• [ASSIGNMENT]:
If a record holds a picture, drop the picture and return the rest of the record word for word.

START THE INPUT

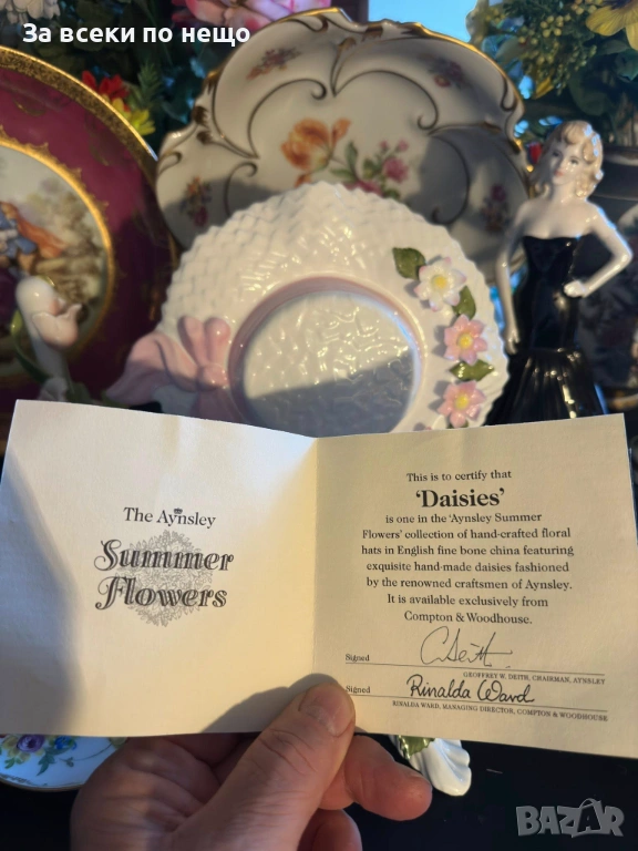 “Summer Flowers” Decorative Hat “Daisies” - великолепна порцеланова капела с 3D цветя, ръчно изработени “Маргаритките” невероятна класа и красота, нежност и чар, диаметър на капелата 21 см. Отлично качество, перфектна изработка, без забележки, със сертификат за автентичност, невероятна визия!
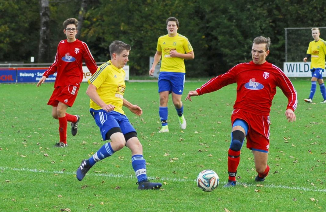 Nicht wiederzukennen waren die A2-Junioren bei ihrem Gastspiel bei der SG Taufkirchen/Mossen gegenüber der Vorwoche, denn nach der beeindruckenden Leistung gegen die JFG Speichersee zeigte man sich nun deutlich schwächer, sodass man den keinesfalls starken Gastgebern beim 0:2 die Punkte leichtfertig überließ. Schon der in Anfangsphase hatte die SG mehr vom Spiel, doch auch auf deren Seite fand der letzte Ball kaum den gewünschten Abnehmer, sodass keine Möglichkeiten vorhanden waren. Erst nach 19 Minuten wurde es gefährlich. Nach einem Angriff über die linke Seite wurde die Kugel flach nach innen gespielt, wo ein Angreifer völlig frei zum Abschluss kam, aber am überragenden Schlussmann Tristan Kaup scheiterte. Drei Minuten später näherten sich die Veilchen auf der Gegenseite erstmals dem Tor, doch Maximilian Hilbig kam nach einer schönen Flanke von Johannes Rüdiger nicht mehr richtig zum Ball, sodass die Kopfballchance ungenutzt blieb. Dann waren wieder die Hausherren an der Reihe, doch eine alleine vor Kaup auftauchender Stürmer scheiterte am abermals überragend reagierenden Altenerdinger Schlussmann. Aber nach 33 Minuten war es dann doch soweit und die Platzherren gingen verdient in Front. Nach einer Flanke erreichte Johannes Glas den Ball nicht mehr per Kopf, sodass der hinter ihm stehende Stürmer aus kurzer Entfernung volley zum 1:0 vollenden konnte und damit die knappe Pausenführung seiner Farben besorgte. 12 Minuten nach Wiederbeginn wäre Altenerding fast der Ausgleich geglückt, denn nach einem schönen Pass von Felix Reiser tauchte Christoph Harke plötzlich alleine vor dem Tor auf, doch der Keeper der Gastgeber konnte retten. Auf der Gegenseite tauchte dann wenig später ein Taufkirchner Akteur alleine vor dem Kasten auf, doch er vergab kläglich und verfehlte das Ziel deutlich. Nun kam die SpVgg besser ins Spiel und man erarbeitete sich ein optisches Übergewicht. Aufgrund zahlreicher Fehlpässe konnte man daraus jedoch kein Kapital schlagen, denn man kam nur selten zum Abschluss. In der 76. Minute hofften die Gäste dann auf den Ausgleich, denn nach einem Foul an Christian Wünsch, der zusammen mit Maxi Stetter in der Defensive einen starken Eindruck hinterließ, bekam die SpVgg 18 Meter vor dem Tor einen Freistoß zugesprochen, doch Markus Weissacher beförderte die Kugel leider in die zweite Etage. Neun Minuten vor dem Ende klingelte es dafür auf der anderen Seite, wobei dieser Treffer unglücklich zu Stande kam. Weissacher konnte auf der linken Abwehrseite klären, schoss dabei seinen Gegenspieler an und die Kugel senkte sich über Glas hinweg genau in den Lauf eines Angreifers, der dann mit einem unhaltbaren Flachschuss ins linke Eck auf 2:0 stellte. Vielleicht wären die Semptstädter noch einmal in die Partie zurückgekommen, doch auch in der Offensive fehlte das nötige Glück. Nach einem Ballverlust der Hausherren liefen die Altenerdinger in Überzahl auf das Tor und als Tilman Wirth im Strafraum zum Schuss kam, hoffte man auf den Anschluss. Jedoch konnte der Keeper mit einem Reflex abwehren und hatte dann noch das Glück des Tüchtigen, dass die Kugel an die Latte prallte, sodass die Niederlage aus Altenerdinger Sicht nicht mehr zu vermeiden war.
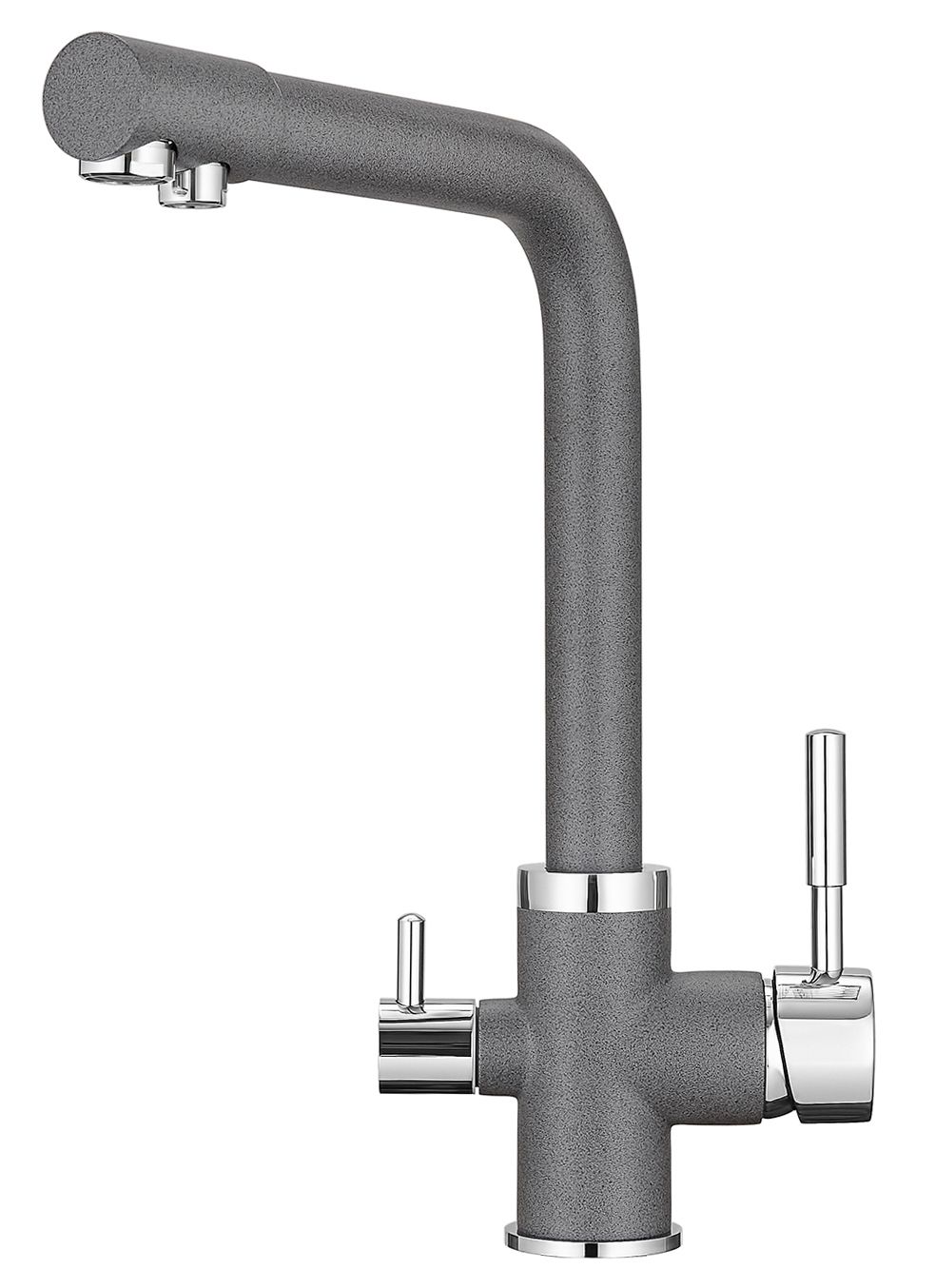 Смеситель для кухонной мойкиЦветовая гамма: Алюминиум, Классик, Антик, Песок, Пирит, Базальт, Арктик, Эспрессо, Графит, Черный, ШварцГибкая подводка (3 шт.); набор для крепления; прокладки уплотнительные (2 шт.); аэраторГарантийный срок от производителя - 5 лет
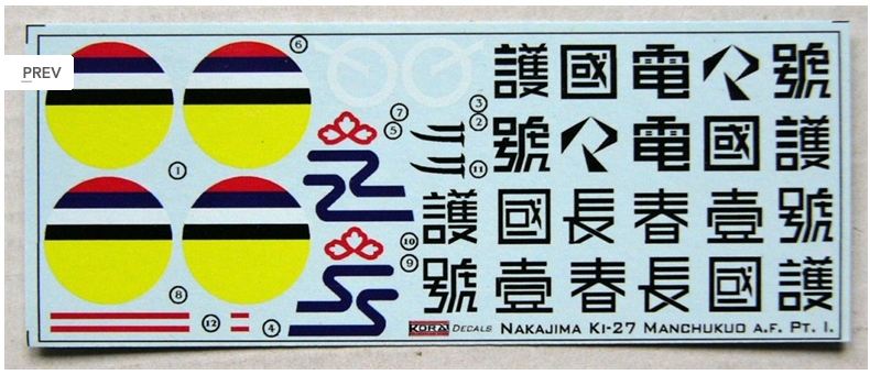 Kora Model - 1/72 Decals Ki-27b NATE (Manchukuo AF) Part I.
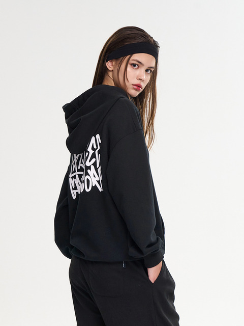 [레이지비] 시그니처 그래피티 루즈핏 후드티 오버핏 데일리 긴팔 스웨트셔츠 후디 W 블랙

END THE INPUT

• [ANSWER]:
 “Summer Flowers” Decorative Hat “Daisies” - великолепна порцеланова капела с 3D цветя, ръчно изработени “Маргаритките” невероятна класа и красота, нежност и чар, диаметър на капелата 21 см. Отлично качество, перфектна изработка, без забележки, със сертификат за автентичност, невероятна визия!
 Nicht wiederzukennen waren die A2-Junioren bei ihrem Gastspiel bei der SG Taufkirchen/Mossen gegenüber der Vorwoche, denn nach der beeindruckenden Leistung gegen die JFG Speichersee zeigte man sich nun deutlich schwächer, sodass man den keinesfalls starken Gastgebern beim 0:2 die Punkte leichtfertig überließ. Schon der in Anfangsphase hatte die SG mehr vom Spiel, doch auch auf deren Seite fand der letzte Ball kaum den gewünschten Abnehmer, sodass keine Möglichkeiten vorhanden waren. Erst nach 19 Minuten wurde es gefährlich. Nach einem Angriff über die linke Seite wurde die Kugel flach nach innen gespielt, wo ein Angreifer völlig frei zum Abschluss kam, aber am überragenden Schlussmann Tristan Kaup scheiterte. Drei Minuten später näherten sich die Veilchen auf der Gegenseite erstmals dem Tor, doch Maximilian Hilbig kam nach einer schönen Flanke von Johannes Rüdiger nicht mehr richtig zum Ball, sodass die Kopfballchance ungenutzt blieb. Dann waren wieder die Hausherren an der Reihe, doch eine alleine vor Kaup auftauchender Stürmer scheiterte am abermals überragend reagierenden Altenerdinger Schlussmann. Aber nach 33 Minuten war es dann doch soweit und die Platzherren gingen verdient in Front. Nach einer Flanke erreichte Johannes Glas den Ball nicht mehr per Kopf, sodass der hinter ihm stehende Stürmer aus kurzer Entfernung volley zum 1:0 vollenden konnte und damit die knappe Pausenführung seiner Farben besorgte. 12 Minuten nach Wiederbeginn wäre Altenerding fast der Ausgleich geglückt, denn nach einem schönen Pass von Felix Reiser tauchte Christoph Harke plötzlich alleine vor dem Tor auf, doch der Keeper der Gastgeber konnte retten. Auf der Gegenseite tauchte dann wenig später ein Taufkirchner Akteur alleine vor dem Kasten auf, doch er vergab kläglich und verfehlte das Ziel deutlich. Nun kam die SpVgg besser ins Spiel und man erarbeitete sich ein optisches Übergewicht. Aufgrund zahlreicher Fehlpässe konnte man daraus jedoch kein Kapital schlagen, denn man kam nur selten zum Abschluss. In der 76. Minute hofften die Gäste dann auf den Ausgleich, denn nach einem Foul an Christian Wünsch, der zusammen mit Maxi Stetter in der Defensive einen starken Eindruck hinterließ, bekam die SpVgg 18 Meter vor dem Tor einen Freistoß zugesprochen, doch Markus Weissacher beförderte die Kugel leider in die zweite Etage. Neun Minuten vor dem Ende klingelte es dafür auf der anderen Seite, wobei dieser Treffer unglücklich zu Stande kam. Weissacher konnte auf der linken Abwehrseite klären, schoss dabei seinen Gegenspieler an und die Kugel senkte sich über Glas hinweg genau in den Lauf eines Angreifers, der dann mit einem unhaltbaren Flachschuss ins linke Eck auf 2:0 stellte. Vielleicht wären die Semptstädter noch einmal in die Partie zurückgekommen, doch auch in der Offensive fehlte das nötige Glück. Nach einem Ballverlust der Hausherren liefen die Altenerdinger in Überzahl auf das Tor und als Tilman Wirth im Strafraum zum Schuss kam, hoffte man auf den Anschluss. Jedoch konnte der Keeper mit einem Reflex abwehren und hatte dann noch das Glück des Tüchtigen, dass die Kugel an die Latte prallte, sodass die Niederlage aus Altenerdinger Sicht nicht mehr zu vermeiden war.
 Смеситель для кухонной мойкиЦветовая гамма: Алюминиум, Классик, Антик, Песок, Пирит, Базальт, Арктик, Эспрессо, Графит, Черный, ШварцГибкая подводка (3 шт.); набор для крепления; прокладки уплотнительные (2 шт.); аэраторГарантийный срок от производителя - 5 лет
 Kora Model - 1/72 Decals Ki-27b NATE (Manchukuo AF) Part I.
 [레이지비] 시그니처 그래피티 루즈핏 후드티 오버핏 데일리 긴팔 스웨트셔츠 후디 W 블랙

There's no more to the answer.